When the third novel I wrote was good enough to shop, I attended conferences, queried agents, and got a book agent, just like I assumed I would.
When my agent shopped my first novel, Fingerprints, it got 26 rejections.
That was not what I assumed would happen.
At the same time, I lost my job in the 2008 crash, and eventually, I lost my house.
I never assumed either of those things would happen. I always assumed I’d work, make money, buy a house, and live in it forever like I’d seen everyone around me do all my life.
Losing my job and home was painful, scary, and confusing. And though I didn’t know it then, my energy had shifted from an energy of confidence, attraction, and abundance to an energy of fear, lack, and scarcity.
I didn’t know it then, but we attract what we are.

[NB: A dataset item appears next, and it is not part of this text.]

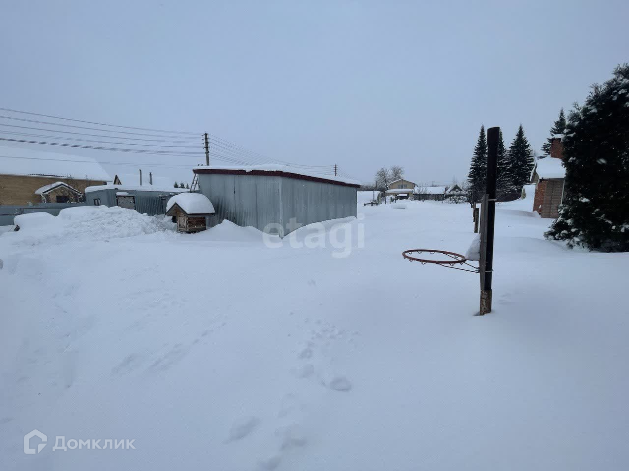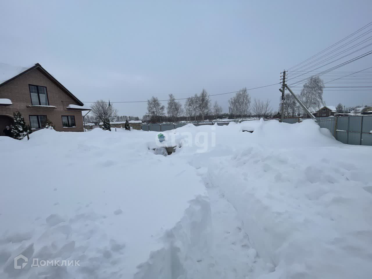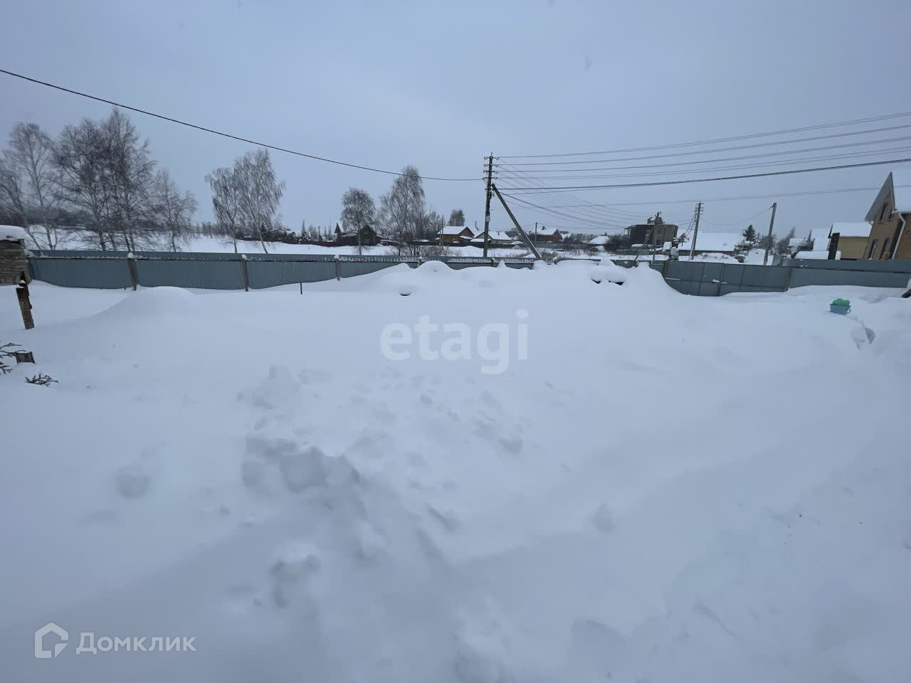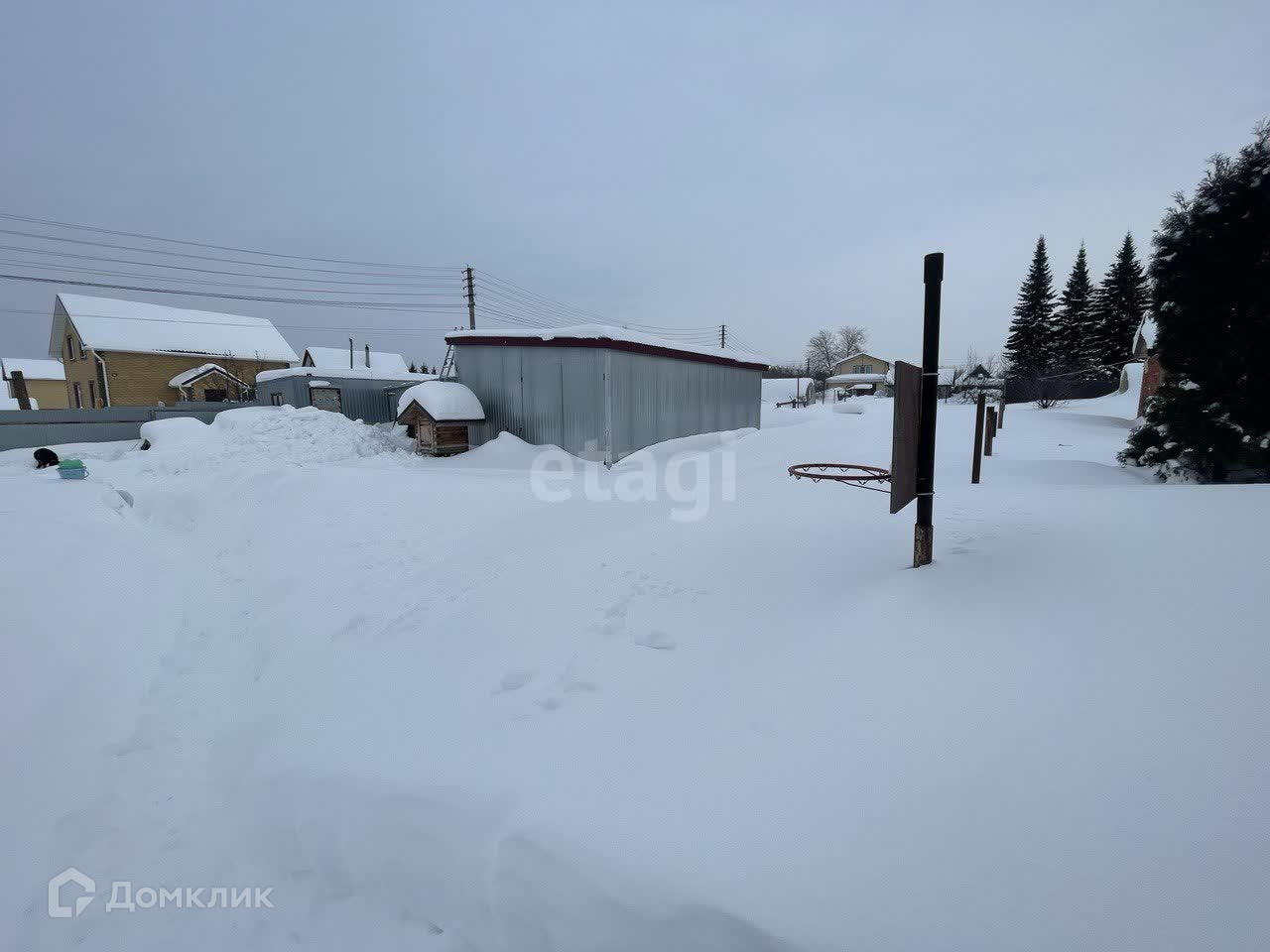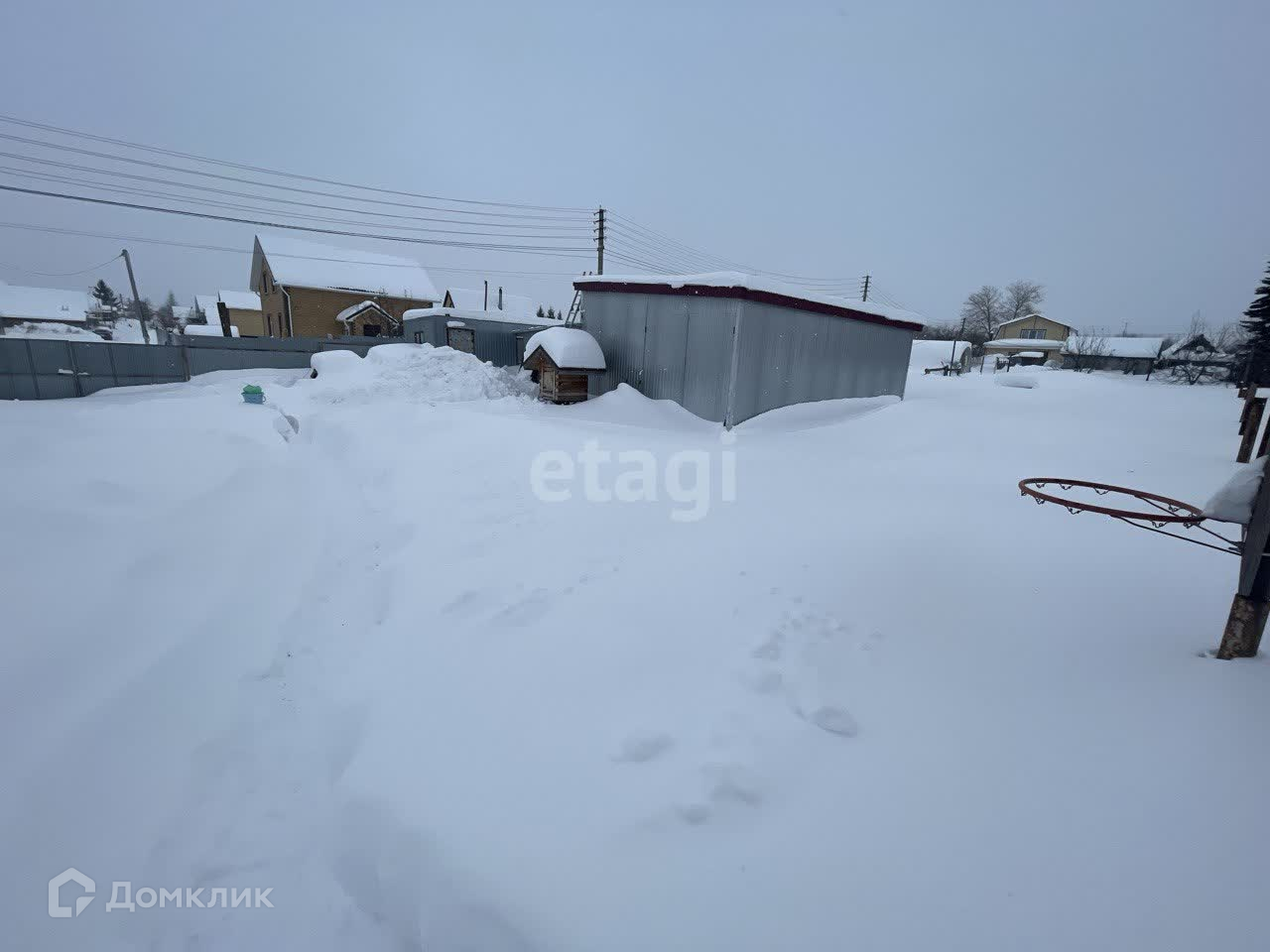 Участок огорожен забором из профнастила, также на участке построен теплый склад на 80 кв.м и сарай.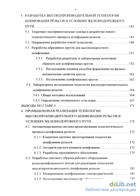 5. Разработка высокопроизводительной технологии шлифования рельсов в условиях железнодорожного пути 143

Think of the worst person you ever dated. What was your life like when you met them? How were you feeling about yourself? I know that when I met the worst person I ever dated, I didn’t feel good about myself. My life was a mess, so I attracted a mess.
My life was a mess when Fingerprints was shopped to publishers. I was broke, unable to find a new job, terrified of losing everything, unsure where to live, and desperate to sell the book. This is not to blame myself – it was completely normal to feel all the feelings in that moment – but it does make me wonder. Would the book have sold if I’d kept my job and home? If I’d been vibrating in a state of wellness, what might I have attracted?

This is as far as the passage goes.